The Campaign to Promote the African Union (AU) Protocol on the Rights of Women in Africa Protocol included an online petition to enable people to show their support of the Protocol. To promote the petition, the campaign included the production of leaflets and distribution of information via the internet, mailing lists, and through newspapers. The author explains that in recognition of the fact that, at the time, an estimated 80 million mobile phones were in use in Africa, and short message service (SMS) was a popular means of communication, the strategy also included an option for people to sign by sending an SMS to a specified number.

According to the author, the campaign received a huge amount of publicity related to the novelty of using mobile phone technologies, including newspaper articles, reports in magazines, and interviews on radio and television. However, although the campaign collected 3,391 signatures to the petition, only 454 of these signatures came via SMS. This is not a significant contribution and the only value added by SMS to the campaign was the news value it generated.

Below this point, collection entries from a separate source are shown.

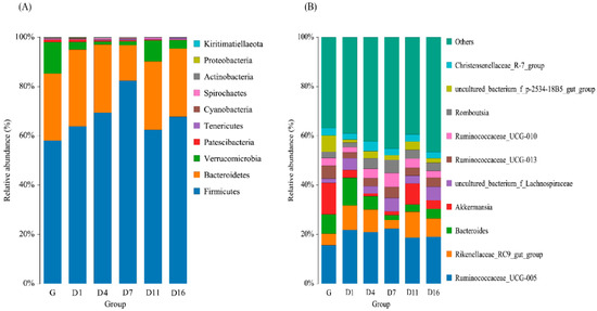 Phylum (A) and genus (B) (relative abundance) composition for fecal samples collected from G (grazing) group and D1, D4, D7, D11, and D16 (feedlot feeding days 1, 4, 7, 11, and 16, respectively).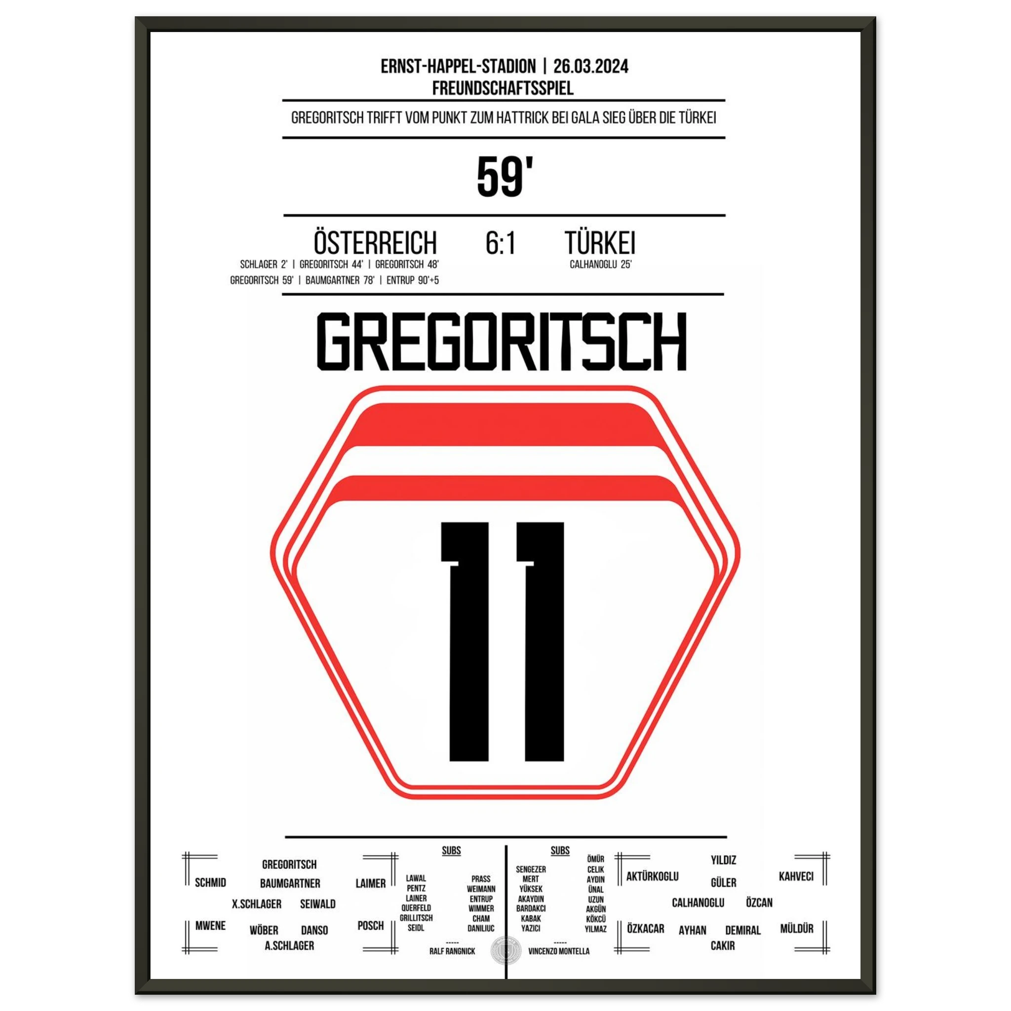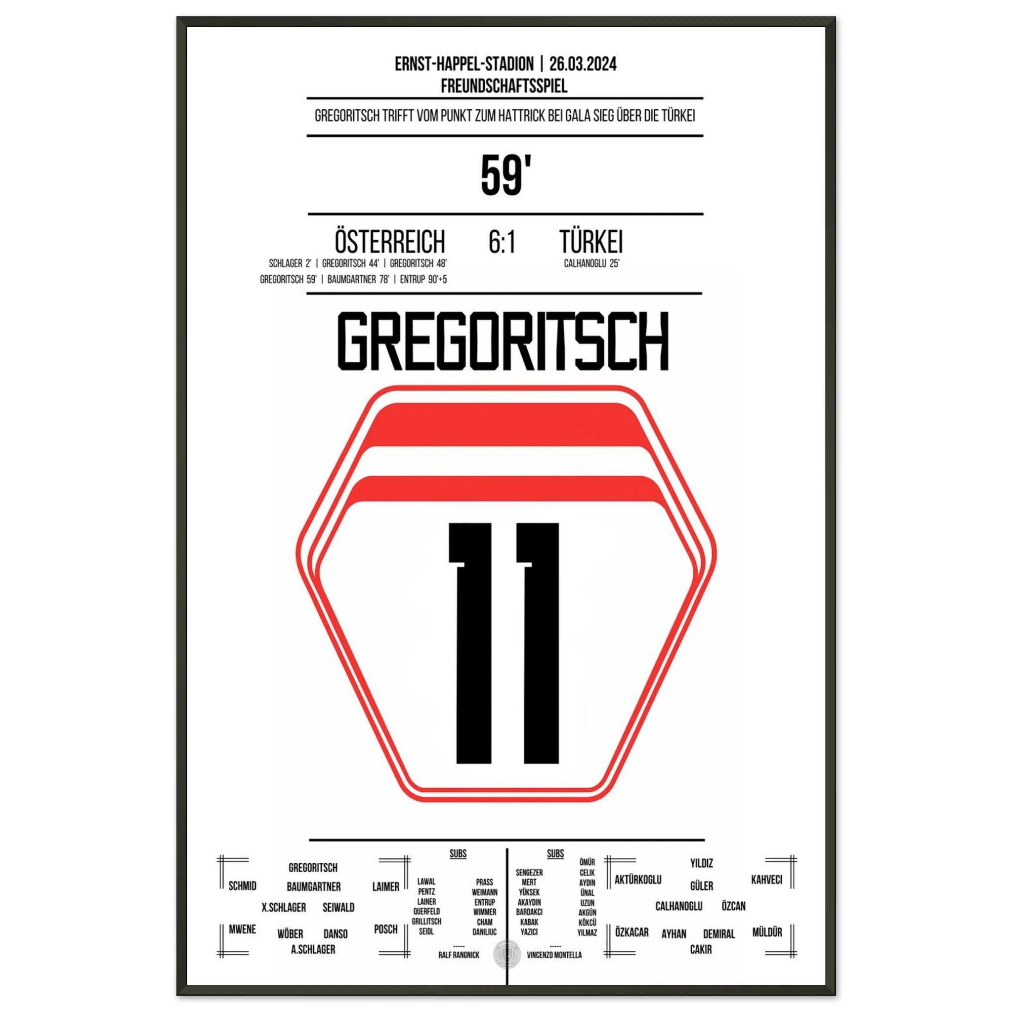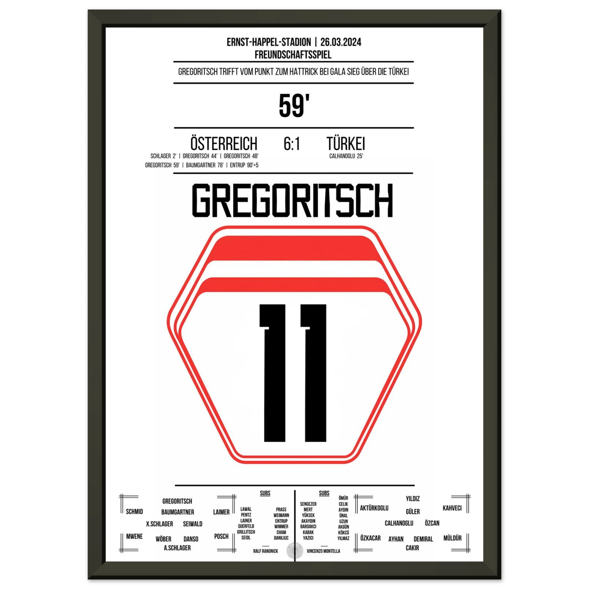<tc>Gregoritsch's hat trick in the 6-1 victory against Turkey </tc>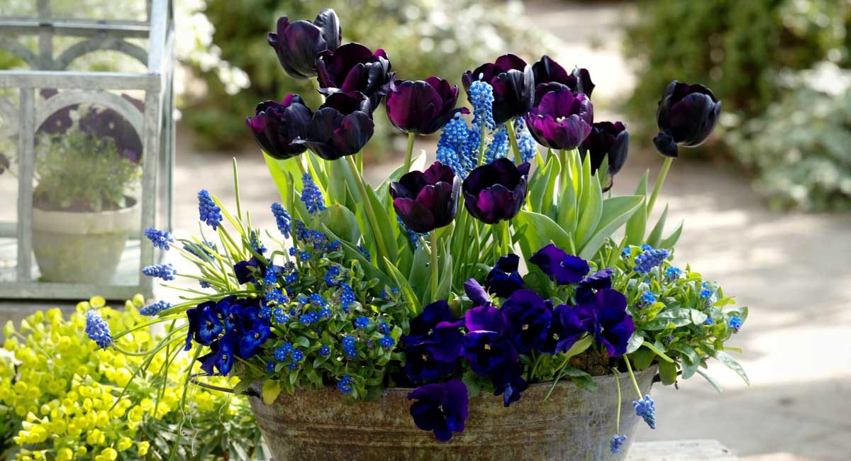 Cultivez vos tulipes en pot et réalisez une superbe composition printanière dans les tons bleu nuit, en installant par exemple la tulipe ‘Queen of Night’ avec des muscaris et pensées.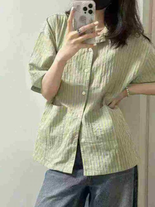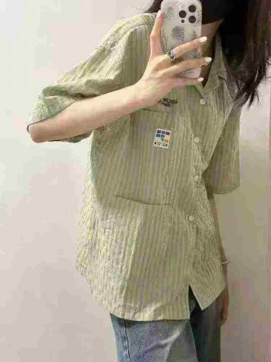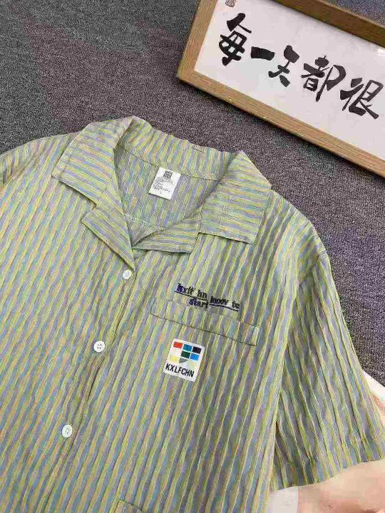 复古条纹短袖衬衫114件8.8,后领包边到件,字母刺绣,...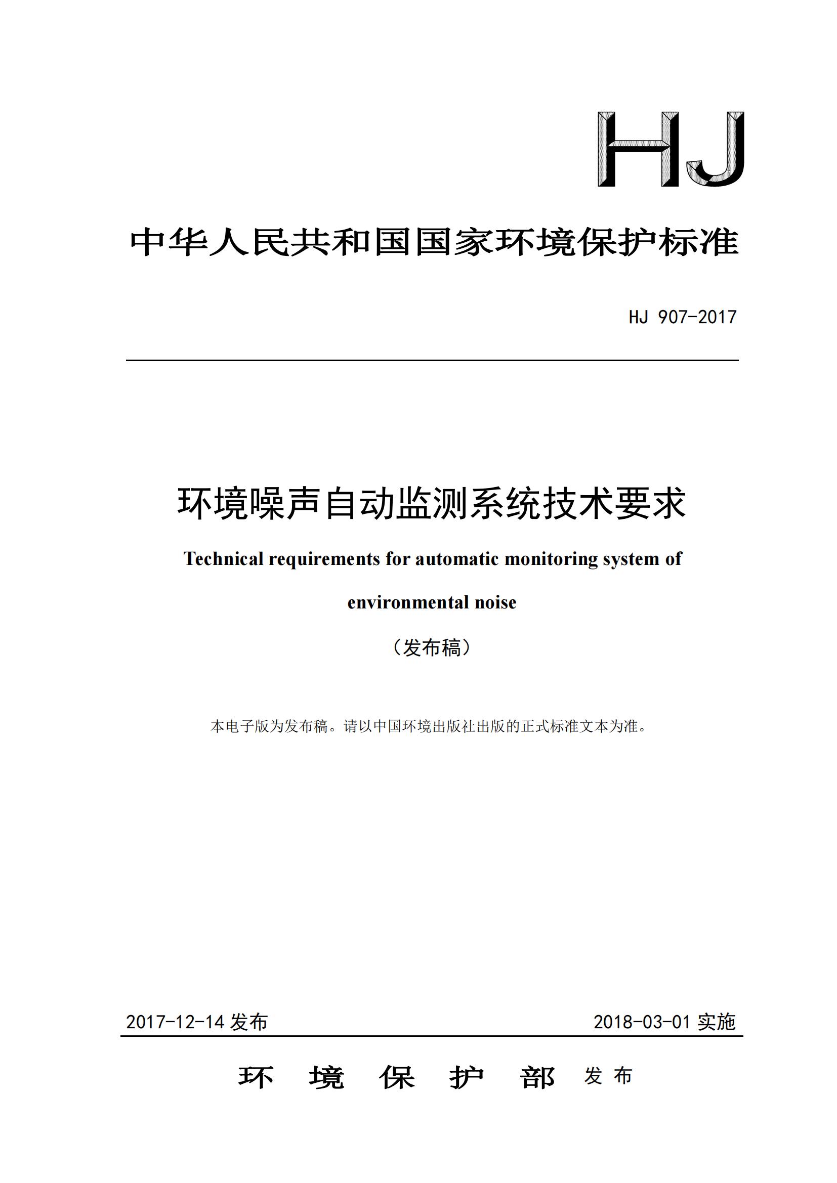 HJ907-2017環境噪聲自動檢測系統技術要求
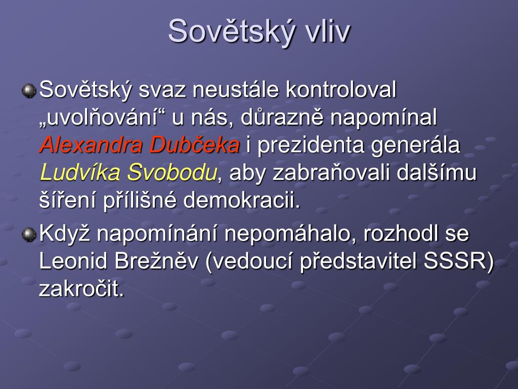 Sovětský vliv • Sovětský svaz neustále kontroloval „uvolňování“ u nás, důrazně napomínal Alexandra Dubčeka i prezidenta generála Ludvíka Svobodu, aby zabraňovali dalšímu šíření přílišné demokracii. • Když napomínání nepomáhalo, rozhodl se Leonid Brežněv (vedoucí představitel SSSR) zakročit.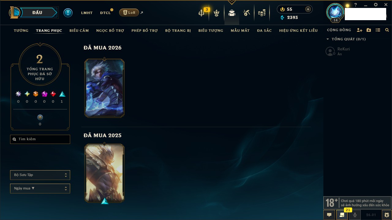 Rank Đơn: Chưa RankKhung: Chưa có khungTướng: 170 - Còn 42144 THXTrang Phục: 82Rank ĐTCL: Chưa RankLinh Thú: 130

The UmNyango Project sought to explore how mobile phone technologies could promote and protect the rights of rural women in the province of KwaZulu Natal (KZN), South Africa. The project established an SMS gateway to distribute messages to those enrolled in the project. It also enabled individuals to send messages to the organisers and to local paralegal officers if they needed assistance with any incidence of violence or threat to their access to land. While all participants received training to use SMS, few were inclined to use SMS to request information or report incidences. The women chose to make direct contact with the paralegal offices in their location, who had conducted workshops in the rural areas. According to the author, this suggests that using SMS has a number of challenges. People often prefer face-to face contact and sms is still a relatively expensive method of communicating.

Based on these two examples, the author questions, "Why are we not holding conferences about the role of the pencil in development? Or the role of paper? There is more evidence of social progress made by these humble instruments than all the information and communication technologies (ICTs) over the last 20 years."

In contrast, the writer points to Ushaidi, an online tool that used mobile phone technologies for people to report incidences of violence in the Kenya post-election period. He states that the success of this strategy has been a function not so much of the technology, but more of the fact that the initiative came from a community who had an intimate connection with the human rights and other social activists. In other words, this initiative worked because of the underlying social relations, the technology was essentially a manifestation of those underlying social relations.

The article concludes that in capitalist societies, all technologies have the potential for magnifying and amplifying social differentiation. Mobile phone technologies are no exception. These examples show that there is more hype than impact with respect to the role of mobile phone technologies and social progress for the most disenfranchised. Mobile technologies can be a potential tool, yet these should continue to be driven by community needs and demands.